Disease Progression, Relapse and Outcome
Seven patients (N = 7) relapsed after a median time of 3.3 months (0.5–7.4 months). Four out of seven (4/7) patients who experienced disease—relapse received further systemic treatment, three of which (3/7) in combination with skin—directed treatment for cutaneous relapse (radiotherapy (RT), operation). Systemic treatments included adoptive T–cell transfer with EBV specific cells (N = 1) interferon alpha-2a combined either with donor lymphocyte infusion (N = 1) or with brentuximab—vedotin (N = 1) and R-CHOP in one (N = 1) patient with AECTCL due to rapid disease progression post—alloHSCT. One patient (1/7) with SS received only RT for cutaneous disease and in one (1/7) patient, reduction of immunosuppression without any subsequent treatment resulted in disease control. Systemic treatment was not considered in one patient (1/7) due to reduced performance status.
Two patients (Nr. 1 and 2, presented on Supplementary Table 1), each experienced two disease relapses. The first patient (Nr. 1) initially relapsed 7.4 months after alloHSCT and received a skin—directed treatment with radiotherapy. During the second relapse 9.6 months post—alloHSCT, a systemic treatment with interferon alpha−2a was initiated with subsequent CR. The second patient (Nr. 2) initially relapsed 6 months after alloHSCT and was treated with interferon alpha−2a in combination with donor lymphocytes. The second relapse occurred after 15.1 months post-alloHSCT and treated with brentuximab—vedotin with subsequent PR. Median TTNT was 8.1 months (1.9–9.4 months). ORR was 57.1% (CR, N =2; PR, N = 2).
After a median follow-up time of 12.6 months (3.5–73.7 months) post—alloHSCT, six patients were alive (60%) and four had deceased, three (N = 3) due to CTCL progression and one (N = 1) due to GVHD. Treatment course and follow—up data for the all patients who underwent HSCT are summarized in Figure 1 and Supplementary Table 1 available at Frontiers in Medicine supplement.
Figure 1. Treatment course of the ten patients who underwent allogeneic hematopoietic stem cell transplantation (alloHSCT).
Overall Survival (OS) and Progression—Free Survival (PFS)

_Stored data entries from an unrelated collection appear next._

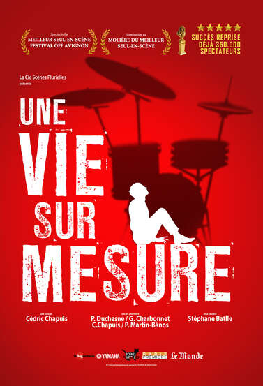 Succès public et critique depuis de nombreuses années, Une vie sur mesure est un seul-en-scène musical d’une rare intensité. Porté par Adrien, personnage singulier et inoubliable, le spectacle raconte comment la batterie devient un refuge, un langage, une voie de salut. Entre virtuosité, humour et émotion pure, cette œuvre emblématique touche au cœur et laisse une empreinte durable.
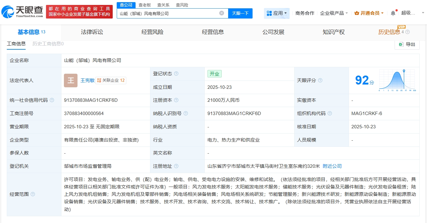 南方财经10月27日电,天眼查App显示,近日,山能(邹城)风电有限公司成立,法定代表人为王宪敏,注册资本2.1亿人民币,经营范围包括风力发电技术服务、太阳能发电技术服务、储能技术服务、光伏设备及元器件制造等。股东信息显示,该公司由山东能源集团新能源集团有限公司、兖矿能源(600188)、兖煤国际(控股)有限公司共同持股。
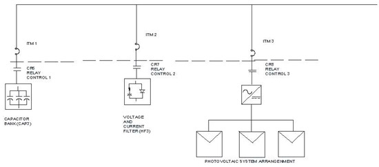 Once the case studies shown above were developed, a table (Table 3) was created to integrate the results for each case. The table demonstrates that better results are obtained when the automation is integrated by energizing only the capacitor bank (CAP3). Additionally, better control is achieved in the electrical system when the photovoltaic system is energized together with the voltage and current filter.
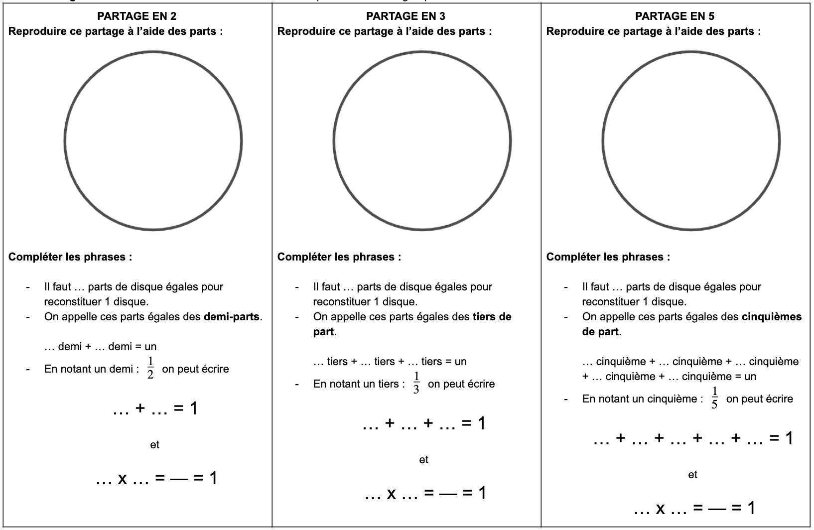 Il s'agit dans cette activité de faire émerger le concept de fractions de l'unité de construire leur rapport à l'unité :

The results for OS and PFS for all CTCL types are provided in Figure 2. PFS was 25% at 12 months and OS 62.5 and 50% at 12 and 24 months, respectively. A separate analysis was performed to evaluate the disease control and outcome after alloHSCT for patients diagnosed with MF, FMF, and SS, due to the different nature of the two other lymphomas (NNKTL and AECTCL) and their possible impact on PFS and OS. PFS for this patient group was 30% at 12 months and OS 65% at 6, 12 and 24 months (Figure 2). We further analyzed the OS and PFS rates according to the disease status prior to transplant (Figures 3A,B) and timing of transplant (Figures 3C,D), with a cut—off 36 months from disease diagnosis. We found no benefit on PFS and OS on “earlier” transplants (<36 months after disease diagnosis) compared to “later” transplants (p = 0.94 and p = 0.58, respectively). Concerning the disease status prior to transplant, we compared recipients with minimal residual disease (CR or PR) before HSCT with patients having PD. There was a statistically non-significant difference on PFS (p = 0.28) in favor of CR/PR compared to PD prior to HSCT. Though, no difference on OS was found (p = 0.86), which can be explained by the systemic treatment initiation after disease relapse. Indeed, only one patient (N = 1) with stage IVB MF and PD prior to HSCT deceased due to lymphoma.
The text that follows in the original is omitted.